All publicly available annotated genomes within the clade Neocallimastigomycota were downloaded from the Joint Genome Institute’s (JGI) MycoCosm database (
48). This includes the high-quality PacBio-sequenced genomes of
Anaeromyces robustus,
Piromyces finnis, and
Neocallimastix californiae (
4) as well as the novel isolate
Neocallimastix lanati introduced here. The genomes of
Pecoramyces ruminatium, also known as
Orpinomyces sp. strain C1A (
7,
52), and
Piromyces sp. strain E2 (
4) were also included for completeness.

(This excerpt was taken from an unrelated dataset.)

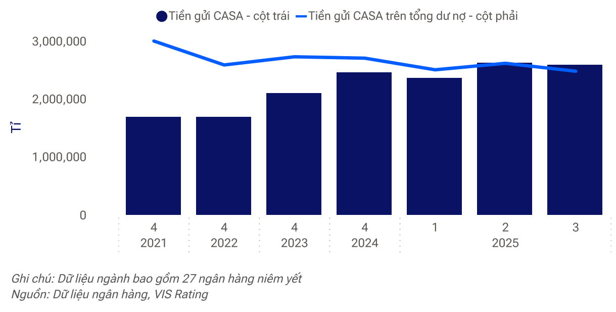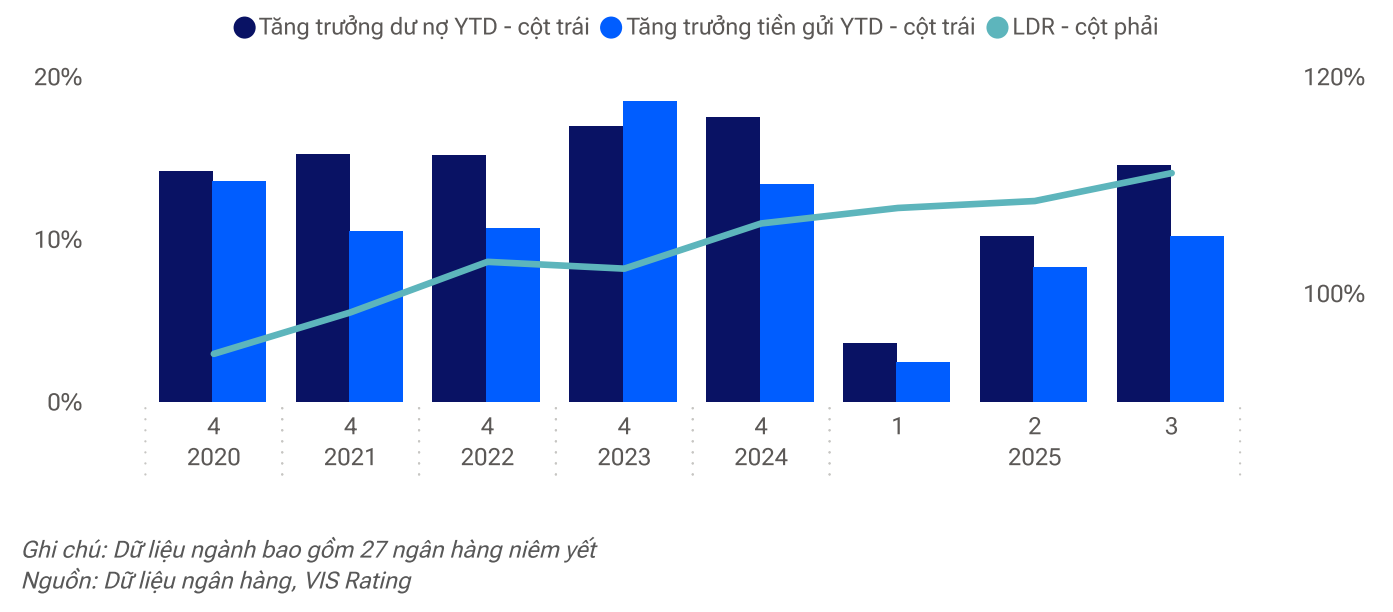 Sự lo ngại tiếp tục nằm ở các ngân hàng quy mô nhỏ. “Áp lực thanh khoản thể hiện rõ nhất ở các ngân hàng nhỏ và có khả năng sẽ tiếp tục kéo dài trong bối cảnh các ngân hàng này phụ thuộc ngày càng nhiều vào nguồn vốn thị trường ngắn hạn và nhu cầu tín dụng cao”, báo cáo VIS Ratings đánh giá. Tỷ lệ cho vay trên tiền gửi khách hàng (LDR) của toàn ngành đạt mức cao nhất trong 5 năm là 111%, do tăng trưởng tín dụng mạnh vượt xa tốc độ tăng trưởng tiền gửi.

The gene annotation data supplied by the JGI was combined with annotations derived from bidirectionally searching by blast (using BLASTp [
53]) the predicted genes from the gut fungal genomes against the curated Swiss-Prot database from UniProt (
54). Briefly, bidirectional blast searching annotates a predicted gut fungal gene if (i) the top hit using the fungal genome as the query and the reference collection as the database is the same as when (ii) the gut fungal genome is used as the database and the reference collection is used as the query. Furthermore, only matches with E values smaller than 1e
−20 were considered for assigning Enzyme Commission (EC) annotations to genes. This information was collated into a master metabolic table (see data set S3 in the iNlan20 GitHub repository available at
https://github.com/stelmo/iNlan20) and subsequently used to construct the model and assign genes to reactions. Enzyme complexes were assigned by using the “Subunit structure” field in the UniProt database. Protein localization was predicted using DeepLoc (
55). Reaction directions were primarily inferred from MetaCyc (
56), and specific Gibbs free energy change of reactions reported were calculated using eQuilibrator (
57). Transcriptomic and expression experiments for
N. lanati were conducted as part of this study (described later). These omics data sets were used to assign a confidence score to each gene in the model of
N. lanati. Gaps in the model of
N. lanati were filled by inspecting the EC assignments found for each other anaerobic fungus, as well as the GEMs of
E. coli and
S. cerevisiae, using the approach described above and looking for homologous genes in the genome of
N. lanati (
46,
58). The universal reactions and metabolites from the BiGG Models platform (
59) was used to construct the
in silico model where possible; if a reaction did not exist in that database it was manually added. The KEGG and MetaCyc databases were used as references to reconstruct the draft metabolic model based on the EC assignments of the metabolic annotation data (
56,
60). The curated model for
N. lanati was constructed by carefully following established genome-scale metabolic model construction protocols to refine the draft model (
26). Specifically, each reaction was inspected to ensure consistency, mass, and charge balance where possible. Model quality was benchmarked by the Memote application (see data set S1 in the iNlan20 GitHub repository at the above-mentioned URL) (
61). The curated
N. lanati model as well as the entire reconstruction pipeline and all the data used in this work can be found in the model repository at
https://github.com/stelmo/iNlan20. An experimentally measured flux of 1.5 mmol/g (dry weight)/h of glucose was used in all simulations. Flux balance analysis was used to simulate the genome-scale metabolic model of
N. lanati using the COBRA Toolbox and COBRApy (
62,
63). Flux samples (
N = 2,000) were generated by sampling from the model and constraining the objective function to be within 90% of the optimum found by FBA. This threshold was set to reflect the assumption that the gut fungi need to maintain a high growth rate to compete with faster growing bacteria in their native microbiome (
1). Escher was used to visualize the metabolism (
64). Example code that can be used to run the model and computational experiments is supplied as an IPython notebook in the model repository available at the URL mentioned above.